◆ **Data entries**

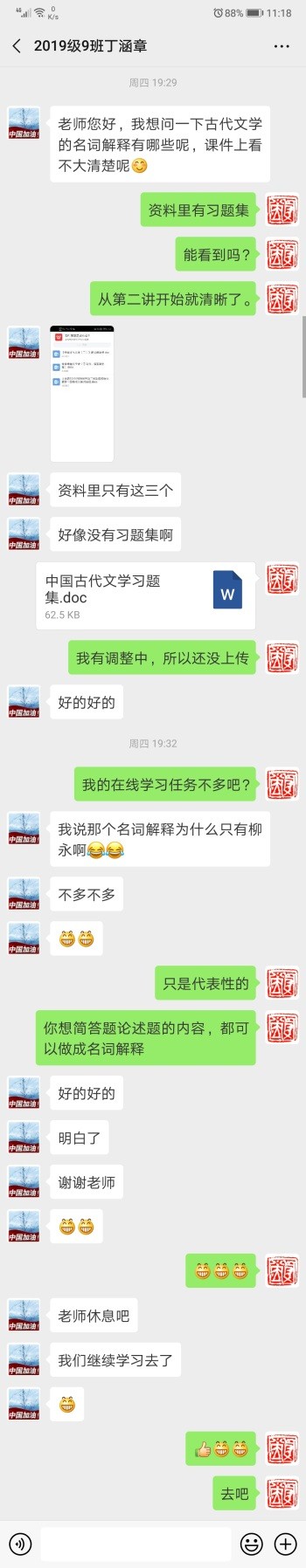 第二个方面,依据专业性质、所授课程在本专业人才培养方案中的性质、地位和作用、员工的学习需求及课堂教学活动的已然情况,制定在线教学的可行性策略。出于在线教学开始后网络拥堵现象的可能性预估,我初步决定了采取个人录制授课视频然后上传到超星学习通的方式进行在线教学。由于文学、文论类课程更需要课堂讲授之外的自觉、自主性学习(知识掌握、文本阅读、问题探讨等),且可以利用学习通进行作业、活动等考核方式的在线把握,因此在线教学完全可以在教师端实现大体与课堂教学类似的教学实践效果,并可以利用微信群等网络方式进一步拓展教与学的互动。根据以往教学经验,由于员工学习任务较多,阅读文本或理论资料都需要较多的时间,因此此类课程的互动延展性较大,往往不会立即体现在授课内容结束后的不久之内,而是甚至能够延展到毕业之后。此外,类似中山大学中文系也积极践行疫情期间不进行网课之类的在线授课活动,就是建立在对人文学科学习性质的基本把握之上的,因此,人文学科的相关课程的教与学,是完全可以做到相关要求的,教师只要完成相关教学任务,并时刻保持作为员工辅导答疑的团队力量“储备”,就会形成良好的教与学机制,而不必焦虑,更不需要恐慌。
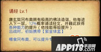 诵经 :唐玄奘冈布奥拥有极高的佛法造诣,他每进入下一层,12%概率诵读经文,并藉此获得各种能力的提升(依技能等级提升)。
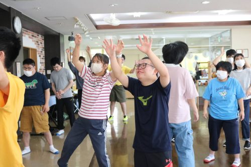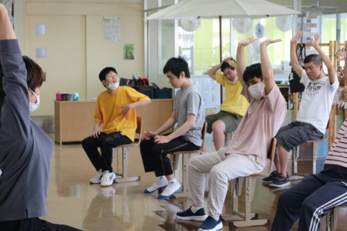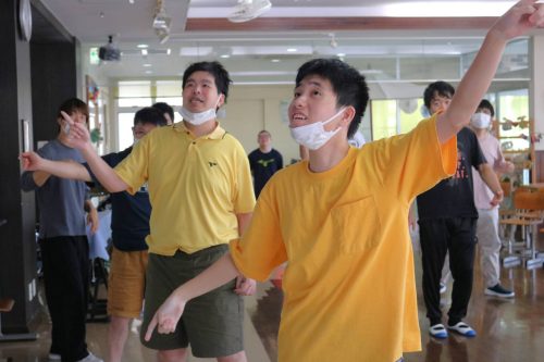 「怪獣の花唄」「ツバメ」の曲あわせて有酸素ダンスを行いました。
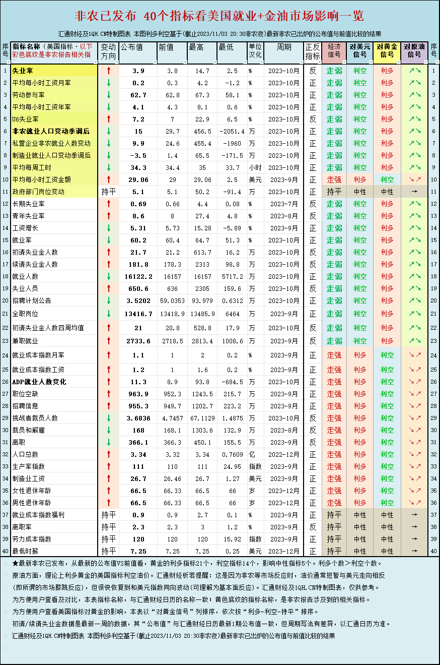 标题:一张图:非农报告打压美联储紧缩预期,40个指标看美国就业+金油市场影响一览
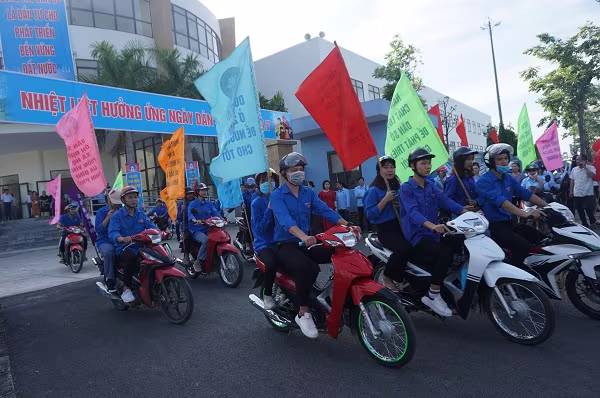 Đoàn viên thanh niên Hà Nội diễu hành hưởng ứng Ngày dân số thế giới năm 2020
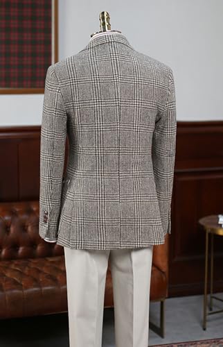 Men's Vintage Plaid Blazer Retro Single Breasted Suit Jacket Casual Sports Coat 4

◆ **TO DO**
Repeat all of the data above word for word, minus the pictures.

◆ **WRITTEN RESPONSE**
 第二个方面,依据专业性质、所授课程在本专业人才培养方案中的性质、地位和作用、员工的学习需求及课堂教学活动的已然情况,制定在线教学的可行性策略。出于在线教学开始后网络拥堵现象的可能性预估,我初步决定了采取个人录制授课视频然后上传到超星学习通的方式进行在线教学。由于文学、文论类课程更需要课堂讲授之外的自觉、自主性学习(知识掌握、文本阅读、问题探讨等),且可以利用学习通进行作业、活动等考核方式的在线把握,因此在线教学完全可以在教师端实现大体与课堂教学类似的教学实践效果,并可以利用微信群等网络方式进一步拓展教与学的互动。根据以往教学经验,由于员工学习任务较多,阅读文本或理论资料都需要较多的时间,因此此类课程的互动延展性较大,往往不会立即体现在授课内容结束后的不久之内,而是甚至能够延展到毕业之后。此外,类似中山大学中文系也积极践行疫情期间不进行网课之类的在线授课活动,就是建立在对人文学科学习性质的基本把握之上的,因此,人文学科的相关课程的教与学,是完全可以做到相关要求的,教师只要完成相关教学任务,并时刻保持作为员工辅导答疑的团队力量“储备”,就会形成良好的教与学机制,而不必焦虑,更不需要恐慌。
 诵经 :唐玄奘冈布奥拥有极高的佛法造诣,他每进入下一层,12%概率诵读经文,并藉此获得各种能力的提升(依技能等级提升)。
 「怪獣の花唄」「ツバメ」の曲あわせて有酸素ダンスを行いました。
 标题:一张图:非农报告打压美联储紧缩预期,40个指标看美国就业+金油市场影响一览
 Đoàn viên thanh niên Hà Nội diễu hành hưởng ứng Ngày dân số thế giới năm 2020
 Men's Vintage Plaid Blazer Retro Single Breasted Suit Jacket Casual Sports Coat 4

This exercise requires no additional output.